I can’t find any concrete NVIDIA documentation on this, but there is anecdotal evidence that this can and can’t be done:

  • The PyCUDA package uses the Driver API and claims to not have CUBLAS/CUFT because there are problems.

  • From looking at the CUBLAS code, it looks like the init of CUBLAS uses the Runtime API.

  • Some posts on the forums imply that people (at least sort of) have this working.

Further questions:

Is the CUBLAS/CUFFT + Driver API usage officially supported?

Is it known to work at least partially even if not officially supported?
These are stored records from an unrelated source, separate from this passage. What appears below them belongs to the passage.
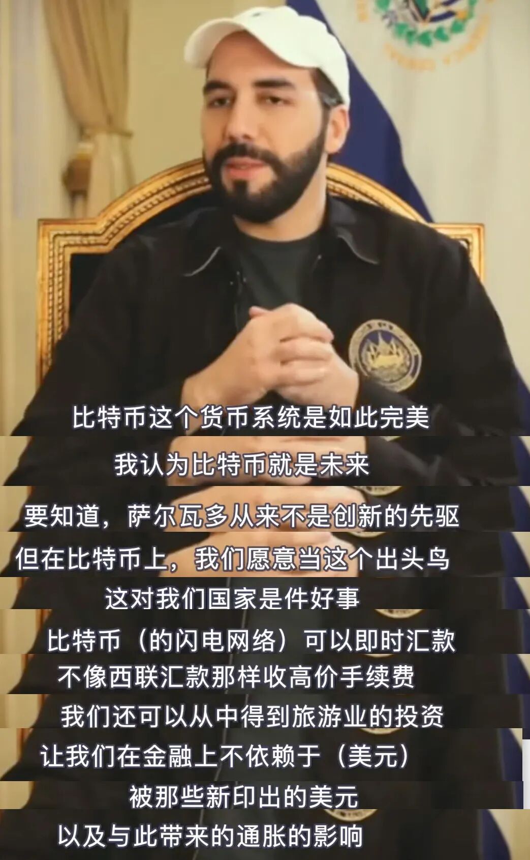 他戴着鸭舌帽、穿着黑夹克、牛仔裤,在社交媒体向国民们解释比特币合法化的必要性和好处。
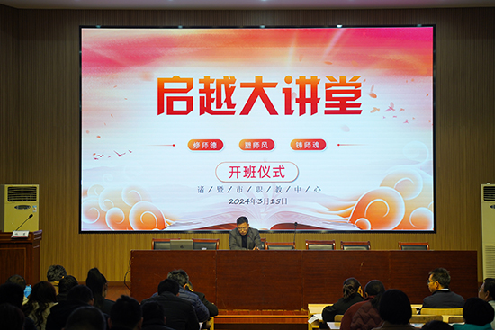 3月15日下午,諸暨市職業教育中心全體教師齊聚學校多功能廳,共同迎接學校本學期“啟越大講堂”的開講。近年來,以“師德師風”為抓手,以“啟越大講堂”為載體,以促進教師專業化發展為最終目標,積極認真地開展校本培訓。
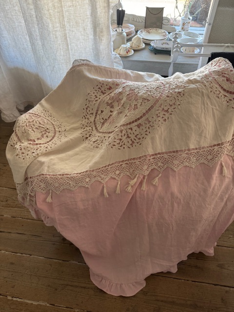 両サイドの裾にはピンクリネンのフリル装飾が施されその上に重ねられたのはホワイトリネンによる手仕事のレース装飾。
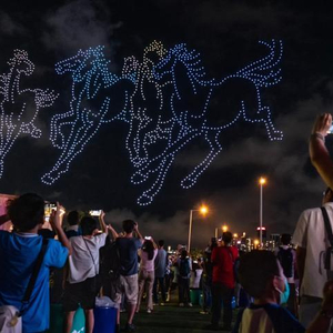这场以“香港马腾盛世”为主题的无人机表演由香港旅游发展局主办,为庆祝中华人民共和国成立75周年而举行。当天19时许,湾仔海滨已人头攒动。人群中有提前来“霸位”的摄影“发烧友”,竖起三脚架,静候表演开始;也有旅客携家带口特地从中国内地前来,在湾仔海滨草坪上席地而坐,边品尝美食边等待。
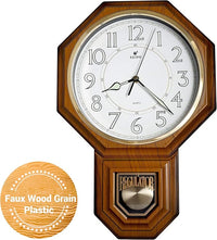 JUSTIME Traditional Schoolhouse Luminious Arabic Regulator Wall Clock, Chiming Wall Clocks with Pendulum & Westminster Chime Hourly, Schoolhouse Wall Decor Battery Operated (Light Wood Grain)
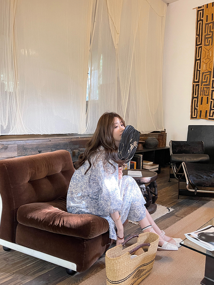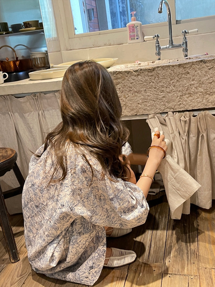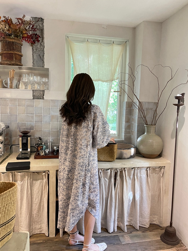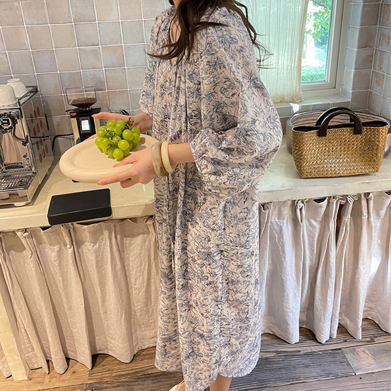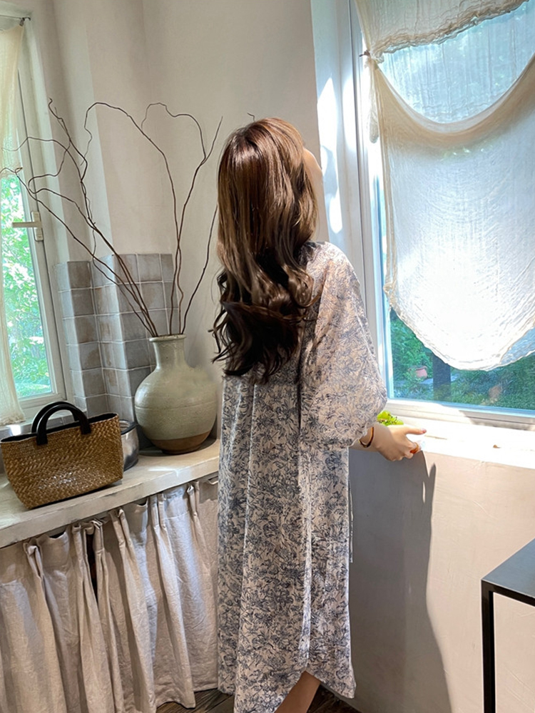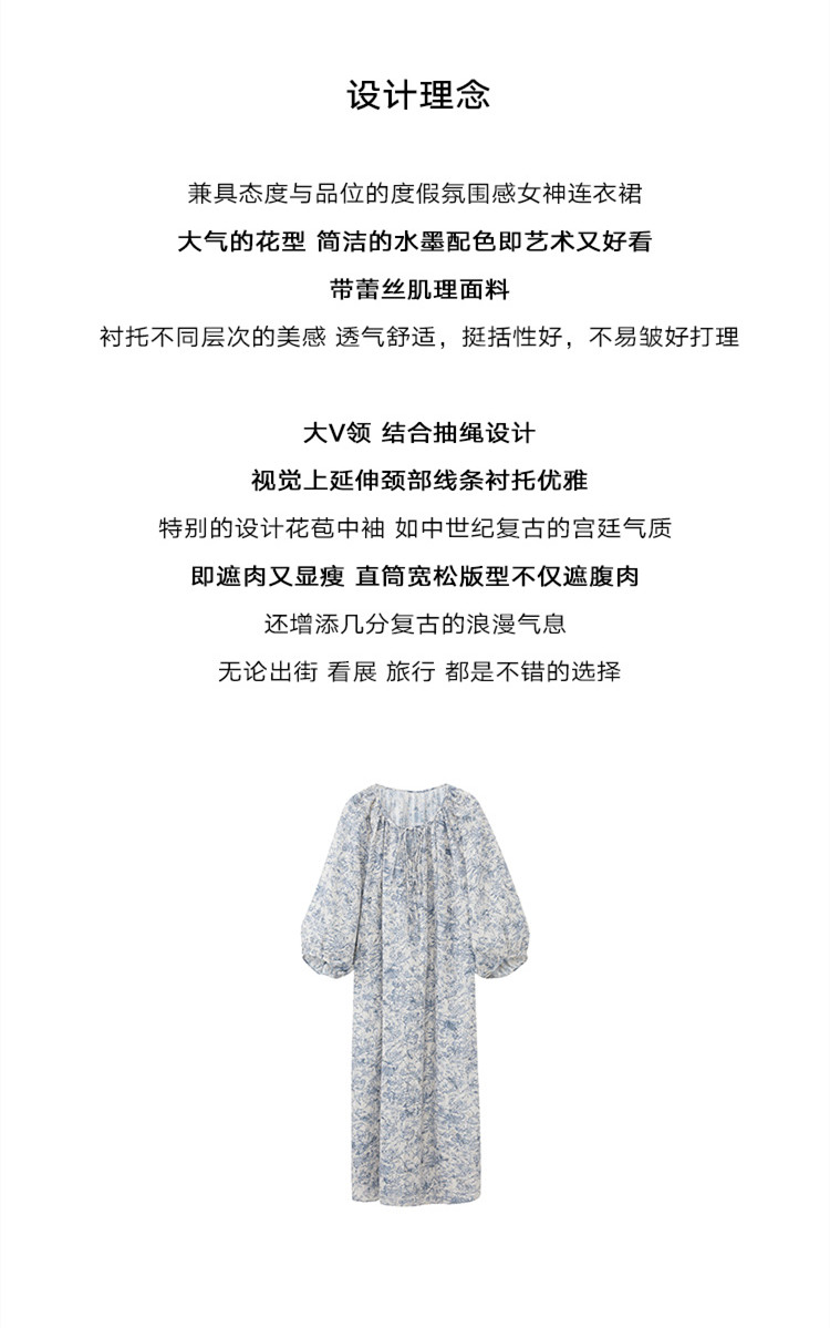 法式V領泡泡袖碎花洋裝女春設計感小眾七分袖襯衫式寬鬆小個子

Is there any reason that I couldn’t adapt (at the source code level) CUBLAS/CUFFT to the Driver API? How strongly linked to the Runtime API is CUBLAS/CUFFT?



Hallo Brian
I think the CUBLAS/CUFFT library builds on the Runtime API, so I don’t think you can use this with the driver API



For type interchangability, the design of CUFFT looks like following that of runtime API.
The memcopy routine in driver API use void** type, and it is reflected to CUFFT ExecX2X() prototype.

Though the deviceptr value in driver API can be casted from CUFFT, it’s not the close binding between
2 libraries.

I’m also struggle with using the series of calls :

But I got the cufft internal error:
cufft: ERROR: /root/cuda-stuff/sw/rel/gpgpu/toolkit/r2.0/cufft/src/, line 1038
cufft: ERROR: /root/cuda-stuff/sw/rel/gpgpu/toolkit/r2.0/cufft/src/, line 119
and they return CUFFT_EXEC_FAILED.

Currently, I’m calling them from other library, this cause it to take time to kick in more detail.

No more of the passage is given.